Personal information
- Date of birth: 31 October 1965 (age 59)
- Place of birth: Ingolstadt, West Germany

Team information
- Current team: Uerdingen 05 (manager)

Managerial career
- Years: Team
- 2004–2008: FC Ingolstadt 04
- 2009–2010: Wacker Burghausen
- 2019–2020: Deportes Valdivia
- 2021: Uerdingen 05

= Jürgen Press =

German football manager

Jürgen Press (born 31 October 1965) is a German football manager who most recently managed Uerdingen 05.

==Managerial career==
===FC Ingolstadt 04===
FC Ingolstadt 04, a newly formed club, started pre–season on 25 June 2004. They played 34 Oberliga matches over 38 matchdays. The first match of the 2004–05 season was a 0–0 draw against SC 04 Schwabach on 31 July 2004. They defeated 1. FC Nürnberg II and FC Ismaning to open the season on a three match undefeated streak (two wind and a draw). The club's first loss of the season was a 2–1 result on 14 August 2004 against FC Memmingen. They then went on a six–match winning streak. Their biggest win was a 5–1 result on 19 April 2005 against SpVgg Weiden. They finished the season, in second place, a point behind SpVgg Bayreuth.

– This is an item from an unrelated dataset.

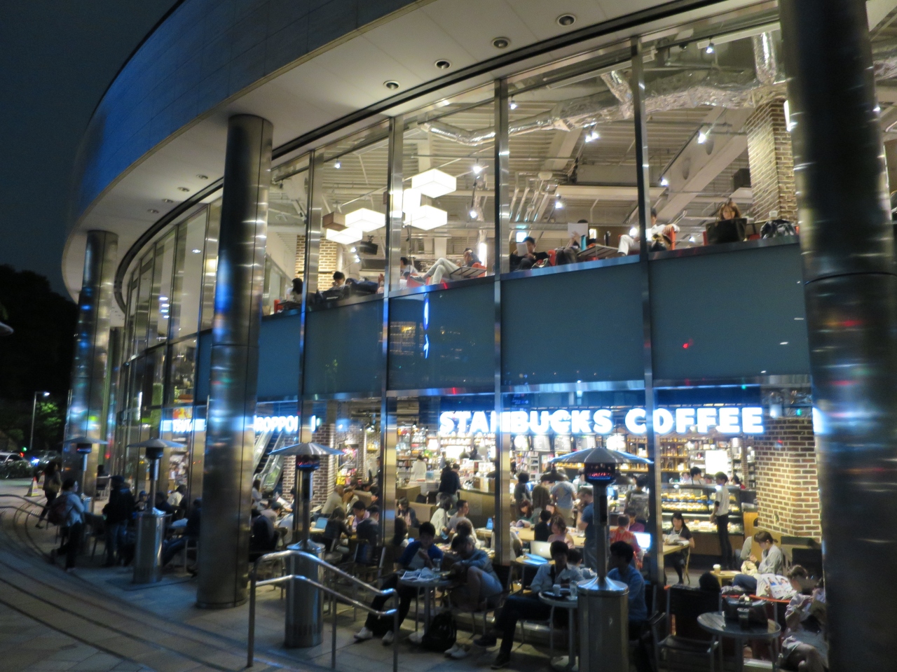 六本木のけやき坂を下った交差点の右手にあるTSUTAYAとコラボレートしたスターバックスのお店です。この形態の店舗は代官山店をはじめ都内には7店あるそうです。

The 2005–06 season started with a 3–1 win against Ismaning on 30 July 2005. On 20 August 2005, Ingolstadt were knocked out of the German Cup in a shoot–out against 1. FC Saarbrücken. They finished the season in first place; 11 points above 1. FC Nürnberg II.

The 2006–07 season was played in the Regionalliga Süd and started on 5 August 2006 with a 3–0 loss against Saarbrücken. During the season, they defeated Hessen Kassel 5–0 and 1. FC Kaiserslautern II 4–0. However, they lost to Saarbrücken for the second time during the season. This time the result was 6–0. They finished the season in fifth place.

They started the 2007–08 season with a 3–2 loss to Stuttgarter Kickers on 27 July 2007. Press was sacked on 1 January 2008 and was replaced by Thorsten Fink three days later. His final match was a 1–1 draw against SV Elversberg on 8 December 2007.

===Wacker Burghausen===
Press was hired on 8 June 2009 to be the manager of Wacker Burghausen. It was a combined role of head coach and management. His first match and win was a 4–3 result against Borussia Dortmund II. His first loss came in a 2–0 loss to Eintracht Braunschweig on 15 August 2009.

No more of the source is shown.